О том, что со слепыми полетами и использованием средств радионавигации дело обстоит плохо, мне казалось, известно всем. Ведь еще в 1939 году, когда понадобилось быстро перебросить в Монголию большую группу наших "испанцев", то есть летчиков, имевших опыт воздушных боев, пригласили пилотов гражданской авиации... Экипажи, кроме командиров кораблей и бортмехаников, состояли из военных...
Надо сказать, этот полет показал удивительно слабую подготовку военных штурманов и стрелков-радистов. Когда мы вылетели из Новосибирска и столкнулись с плохой погодой в районе Красноярска, откуда почти до самого Иркутска шли вслепую, пришлось всю связь и самолетовождение взять на себя... В конечном итоге мы вышли с честью из этого весьма затруднительного положения и, вылетев последними, прилетели в Иркутск первыми. Я знал условия работы в Восточной Сибири, недаром несколько лет пролетал там.
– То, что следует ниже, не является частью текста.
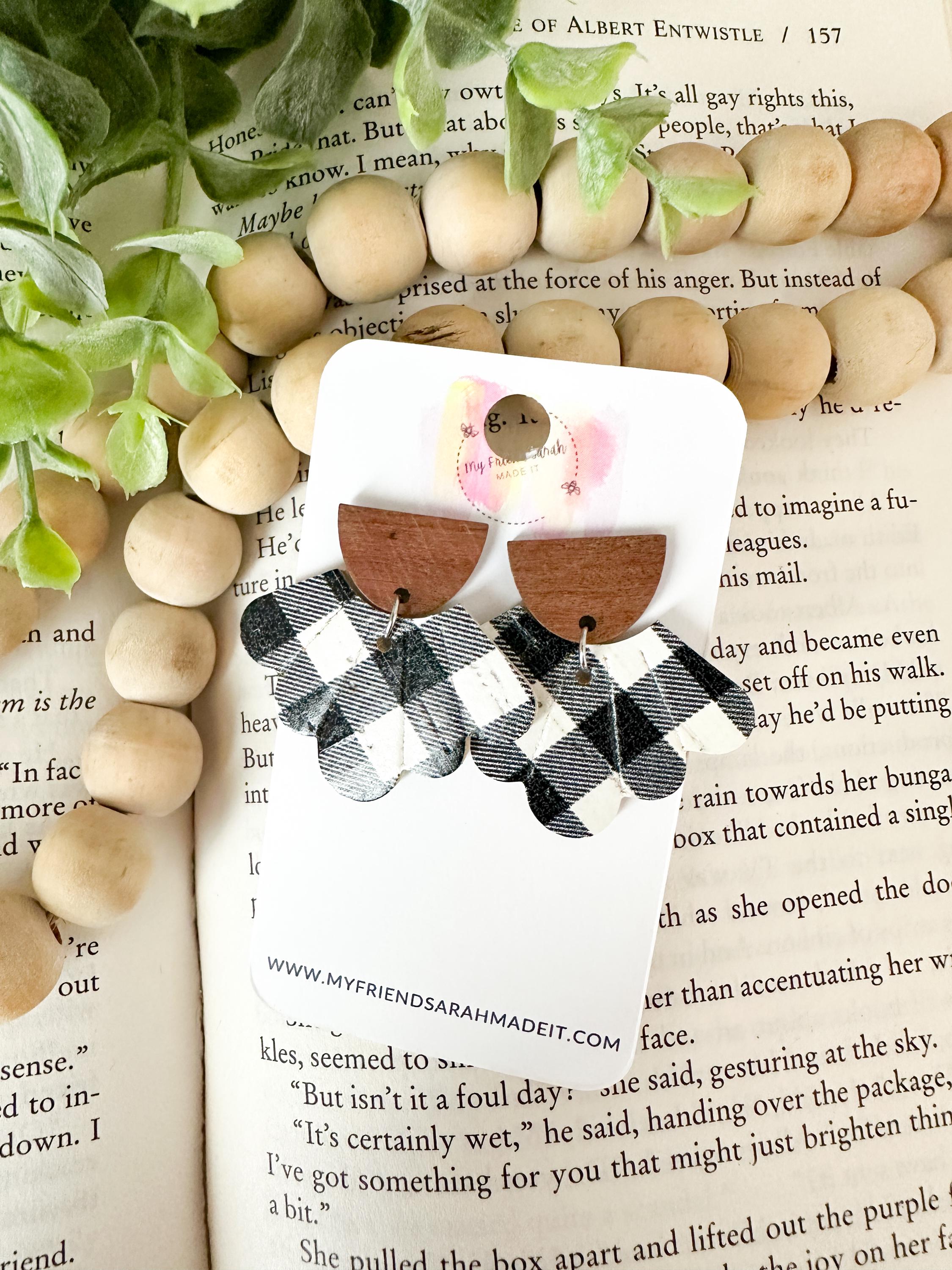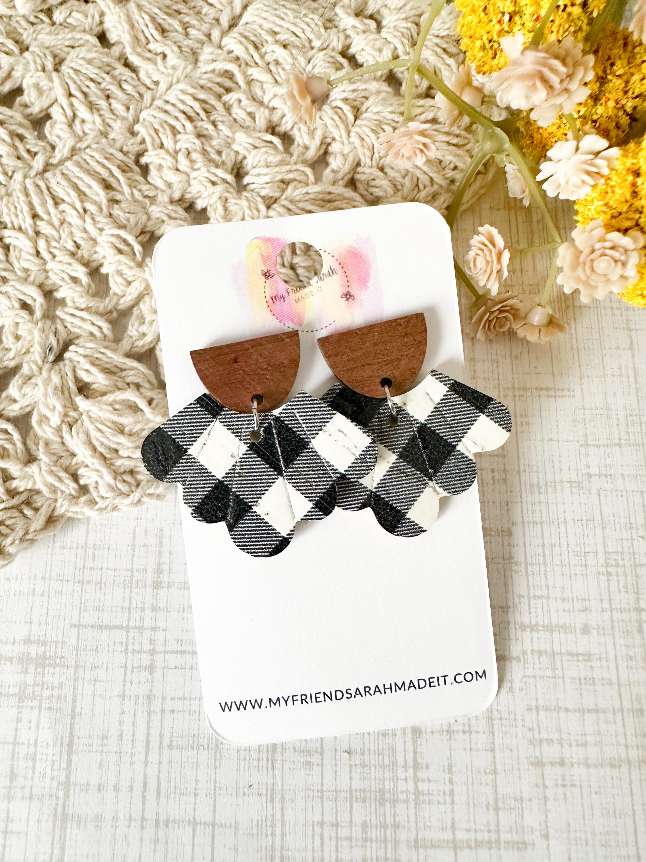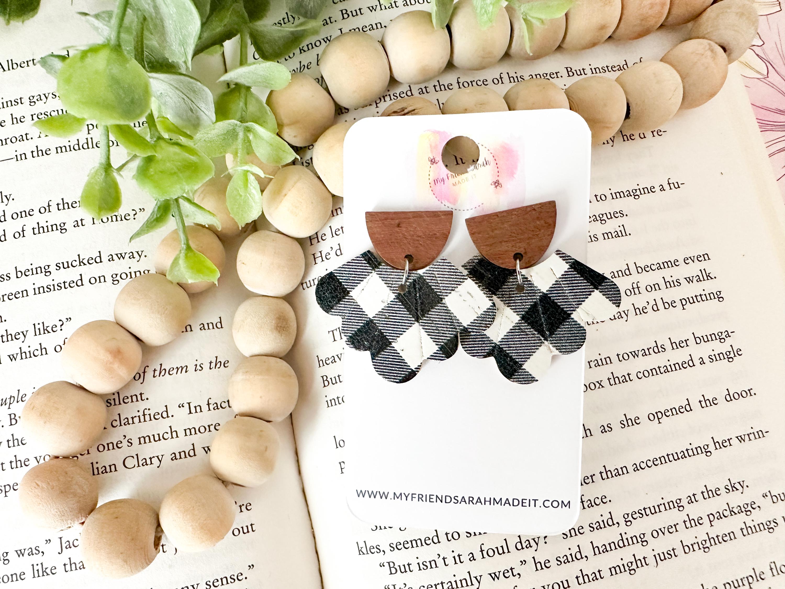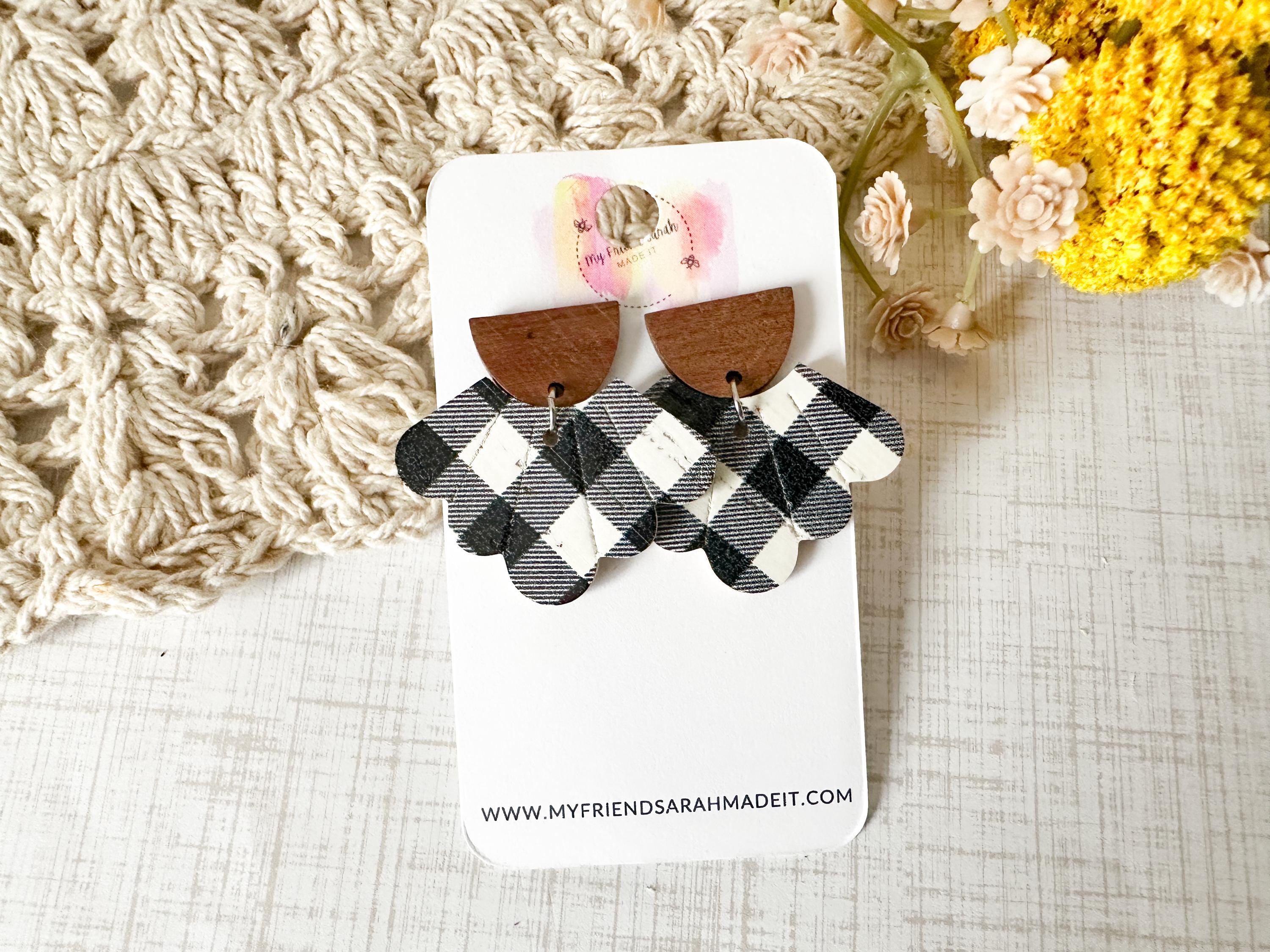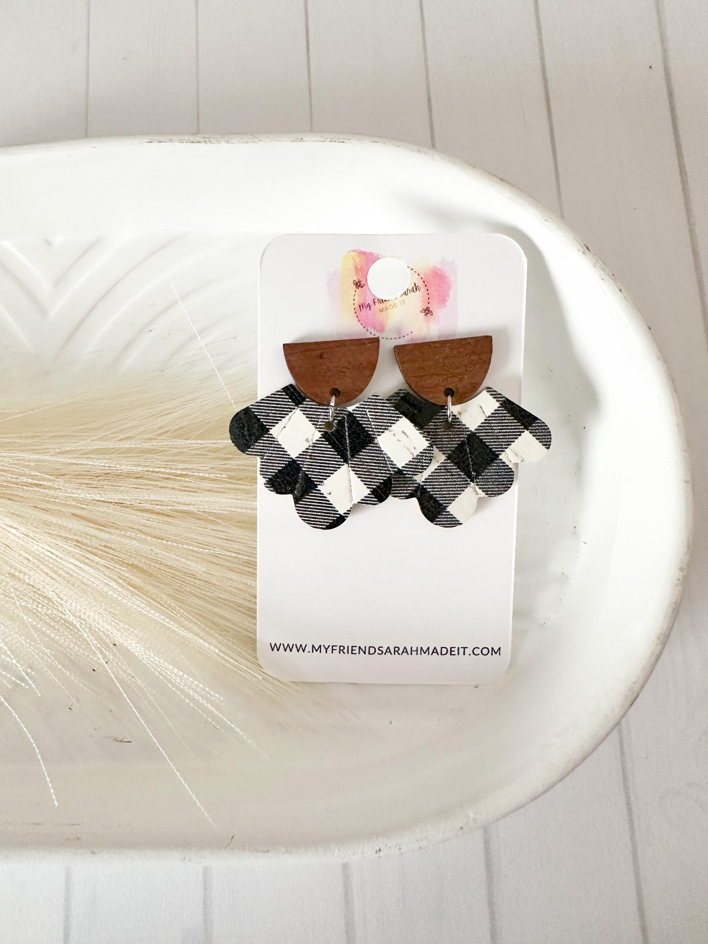 Timeless plaid with a playful twist. These cork scallop earrings pair cozy buffalo check with warm wood for an effortlessly cute and lightweight statement - perfect from fall flannels to winter festivities.

Длительный слепой полет вызвал поначалу большую тревогу у наших "пассажиров", отличных боевых летчиков, хорошо знавших, что к чему. Но через пятнадцать—двадцать минут все успокоились, а в Иркутске наш экипаж уже считался "своими ребятами". Минут через тридцать появился второй самолет, а за ним — третий. Оказалось, что ставший впоследствии известным летчиком-испытателем
М.А. Нюхтиков, который первым вылетел из Красноярска, решил идти в эту плохую погоду визуально — бреющим полетом по железной дороге. Зная, что там имеется немало туннелей, я смотрел на него, как на вернувшегося с того света...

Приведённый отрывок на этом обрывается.